But $\dfrac{12}{5}>1$

$\therefore \tan A>1$

So, $\tan A<1$ is not always true.

Hence, the given statement is false.

(ii)

$ \sec A=\dfrac{12}{5} $

$\dfrac{\text{ Hypotenuse }}{\text{ Side adjacent to } \angle A}=\dfrac{12}{5}$

$\dfrac{AC}{AB}=\dfrac{12}{5}$

Let $A C$ be $12 k, A B$ will be $5 k$, where $k$ is a positive integer.

Applying Pythagoras theorem in $\triangle ABC$, we obtain

$A C^{2}=A B^{2}+B C^{2}$

$(12 k)^{2}=(5 k)^{2}+BC^{2}$

$144 k^{2}=25 k^{2}+BC^{2}$

$BC^{2}=119 k^{2}$

$BC=10.9 k$

It can be observed that for given two sides $AC=12 k$ and $AB=5 k$,

$B C$ should be such that,

$A C-A B<B C<A C+A B$

$12 k-5 k<BC<12 k+5 k$

$7 k<BC<17 k$

However, $BC=10.9 k$. Clearly, such a triangle is possible and hence, such value of sec $A$ is possible.

Hence, the given statement is true.

(iii) Abbreviation used for cosecant of angle $A$ is $cosec A$. And $\cos A$ is the abbreviation used for cosine of angle $A$.

Hence, the given statement is false.

(iv) $\cot A$ is not the product of $\cot$ and $A$. It is the cotangent of $\angle A$.

Hence, the given statement is false.

(v) $\sin \theta=\dfrac{4}{3}$

We know that in a right-angled triangle,

$ \sin \theta=\dfrac{\text{ Side opposite to } \angle \theta}{\text{ Hypotenuse }} $

In a right-angled triangle, hypotenuse is always greater than the remaining two sides.

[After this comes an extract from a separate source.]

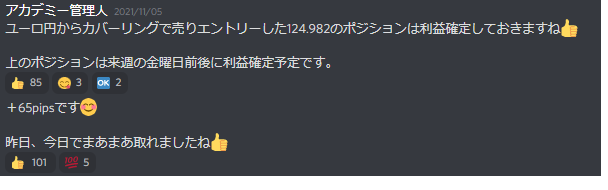 このように配信はいつエントリーをしたのか、損切ラインの設定、そしてエントリーの根拠、理由についてもすべて配信していきます。

Therefore, such value of $\sin \theta$ is not possible.

Hence, the given statement is false

8.3 Trigonometric Ratios of Some Specific Angles

From geometry, you are already familiar with the construction of angles of $30^{\circ}, 45^{\circ}$, $60^{\circ}$ and $90^{\circ}$. In this section, we will find the values of the trigonometric ratios for these angles and, of course, for $0^{\circ}$.

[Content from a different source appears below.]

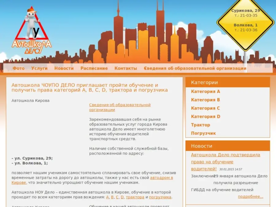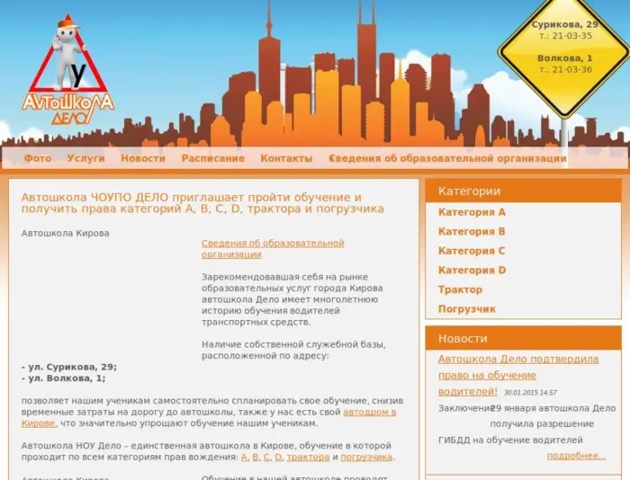 Автошкола НОУ УПЦ "ДЕЛО" на рынке образовательных услуг с 1998 года. Первоначальное обучение происходило только по категории В. С 2001 года, обучение проводится уже по категориям В, C, D. С 2010 года наша автошкола занимается подготовкой водителей на категории А и Е. В 2012 мы открыли обучение на водителей погрузчиков и трактористов всех категорий.

Trigonometric Ratios of $45^{\circ}$

In $\triangle ABC$, right-angled at $B$, if one angle is $45^{\circ}$, then the other angle is also $45^{\circ}$, i.e., $\angle A=\angle C=45^{\circ}$ (see Fig. 8.14).

Fig. 8.14

So,

$ BC=AB \quad(\text{ Why? }) $

Now, Suppose $BC=AB=a$.

Then by Pythagoras Theorem, $AC^{2}=AB^{2}+BC^{2}=a^{2}+a^{2}=2 a^{2}$,

and, therefore, $\quad AC=a \sqrt{2}$.

Using the definitions of the trigonometric ratios, we have :

$ \begin{aligned} & \sin 45^{\circ}=\dfrac{\text{ side opposite to angle } 45^{\circ}}{\text{ hypotenuse }}=\dfrac{BC}{AC}=\dfrac{a}{a \sqrt{2}}=\dfrac{1}{\sqrt{2}} \\ & \cos 45^{\circ}=\dfrac{\text{ side adjacent to angle } 45^{\circ}}{\text{ hypotenuse }}=\dfrac{AB}{AC}=\dfrac{a}{a \sqrt{2}}=\dfrac{1}{\sqrt{2}} \\ & \tan 45^{\circ}=\dfrac{\text{ side opposite to angle } 45^{\circ}}{\text{ side adjacent to angle } 45^{\circ}}=\dfrac{BC}{AB}=\dfrac{a}{a}=1 \end{aligned} $

Also, $cosec 45^{\circ}=\dfrac{1}{\sin 45^{\circ}}=\sqrt{2}, \sec 45^{\circ}=\dfrac{1}{\cos 45^{\circ}}=\sqrt{2}, \cot 45^{\circ}=\dfrac{1}{\tan 45^{\circ}}=1$.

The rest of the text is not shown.